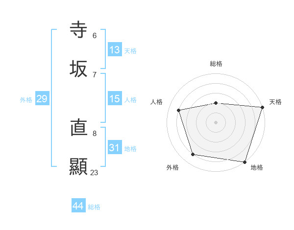 寺坂 直顯さんの総格は44画の2点!
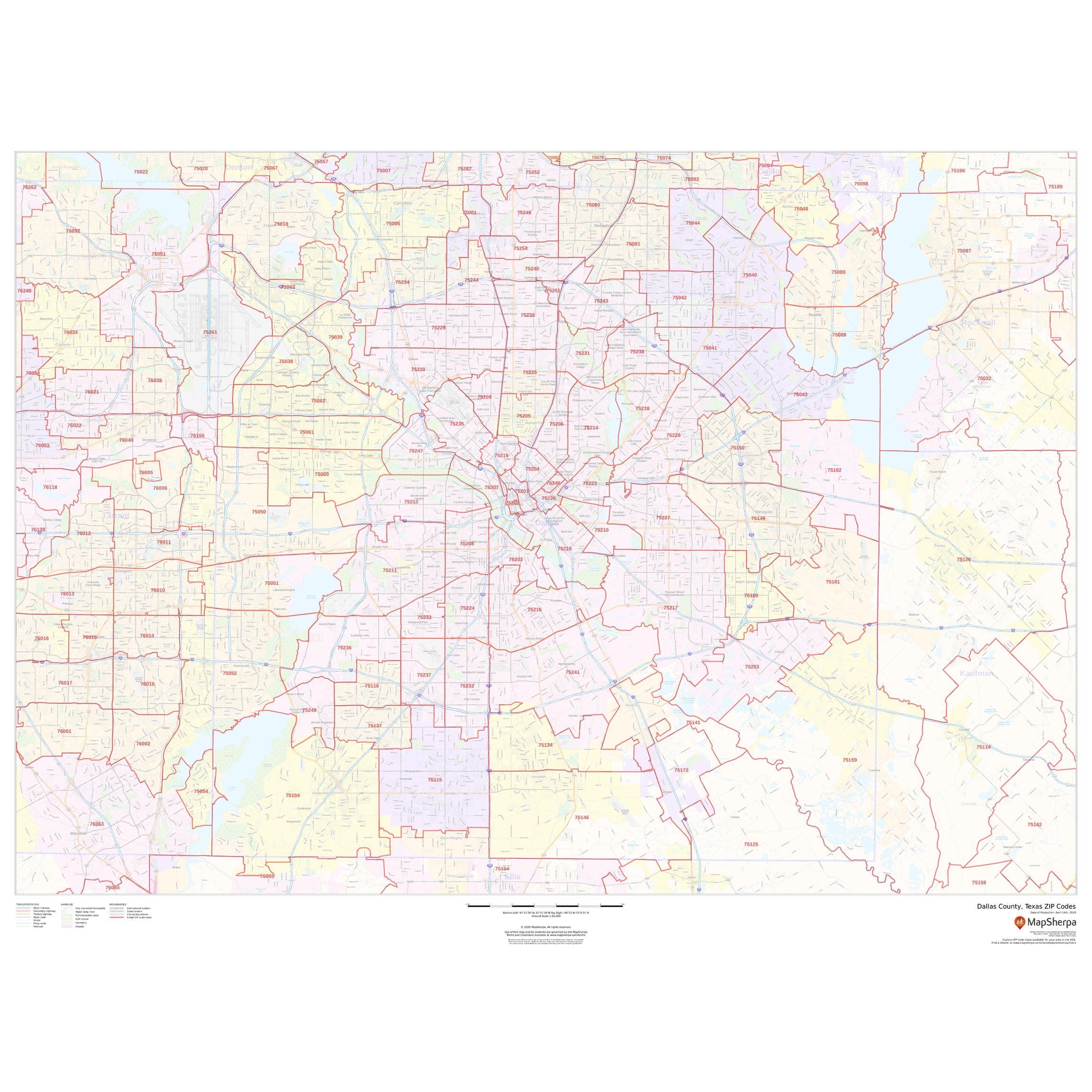 Dallas County Texas Zip Codes By Map Sherpa The Map Shop
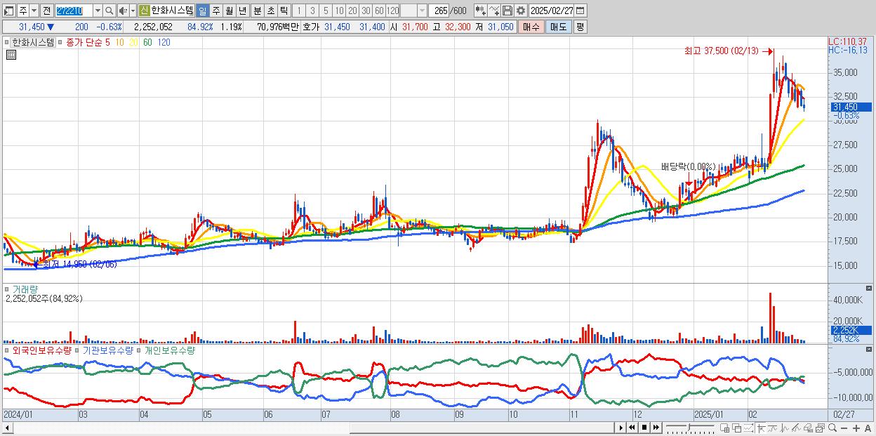 - 한화시스템 (31,450원 ▼ -0.63% , 시총: 59,415억, 외국인 순매수 거래금:54억)
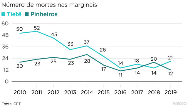 Apesar da aprovação popular, os resultados práticos iam na contramão da avaliação popular. No primeiro ano de Doria à frente da administração, as marginais somaram 32 mortes, uma alta de 28% em relação ao ano anterior.
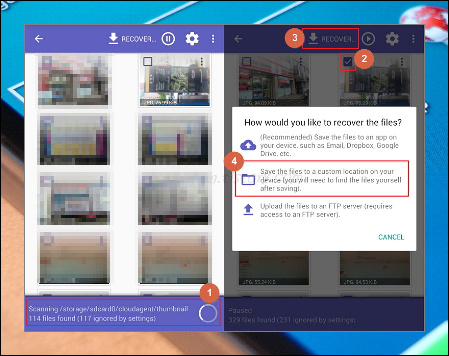 스캔이 되면 삭제했던 파일이 보이는데요. 번호 순서대로 되살리고 싶은 사진을 체크한 후(②) 상단에 있는 Recover 버튼(③)을 눌러주세요. 그럼 복원할 사진을 저장할 곳을 선택하라고 나오는데요. 첫번째는 드랍박스나 구글드라이브와 같은 인터넷 저장소를 말하는거고요. 두번째는 해당 기기 안의 저장소를 말한답니다. 간단하게 기기 안의 저장소를 선택해볼게요.
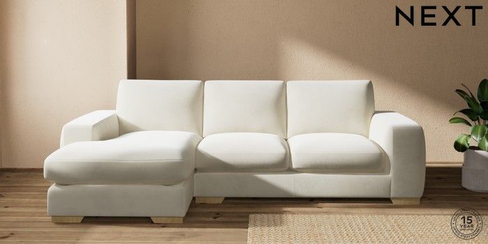 7.0.3 Buy Houghton Deep Sit Medium Sofa Chaise - Left Hand Luxe Chenille Oyster Large Square Angle - Light from the Next UK online shop Click here to use our accessible website

----------------

◆ **Work to be completed**:
Only the lines from the one containing "Dallas County Texas" through the end of the listing should be output, word for word and inclusive; keep pictures out.

◆ **Result below**:
 Dallas County Texas Zip Codes By Map Sherpa The Map Shop
 - 한화시스템 (31,450원 ▼ -0.63% , 시총: 59,415억, 외국인 순매수 거래금:54억)
 Apesar da aprovação popular, os resultados práticos iam na contramão da avaliação popular. No primeiro ano de Doria à frente da administração, as marginais somaram 32 mortes, uma alta de 28% em relação ao ano anterior.
 스캔이 되면 삭제했던 파일이 보이는데요. 번호 순서대로 되살리고 싶은 사진을 체크한 후(②) 상단에 있는 Recover 버튼(③)을 눌러주세요. 그럼 복원할 사진을 저장할 곳을 선택하라고 나오는데요. 첫번째는 드랍박스나 구글드라이브와 같은 인터넷 저장소를 말하는거고요. 두번째는 해당 기기 안의 저장소를 말한답니다. 간단하게 기기 안의 저장소를 선택해볼게요.
 7.0.3 Buy Houghton Deep Sit Medium Sofa Chaise - Left Hand Luxe Chenille Oyster Large Square Angle - Light from the Next UK online shop Click here to use our accessible website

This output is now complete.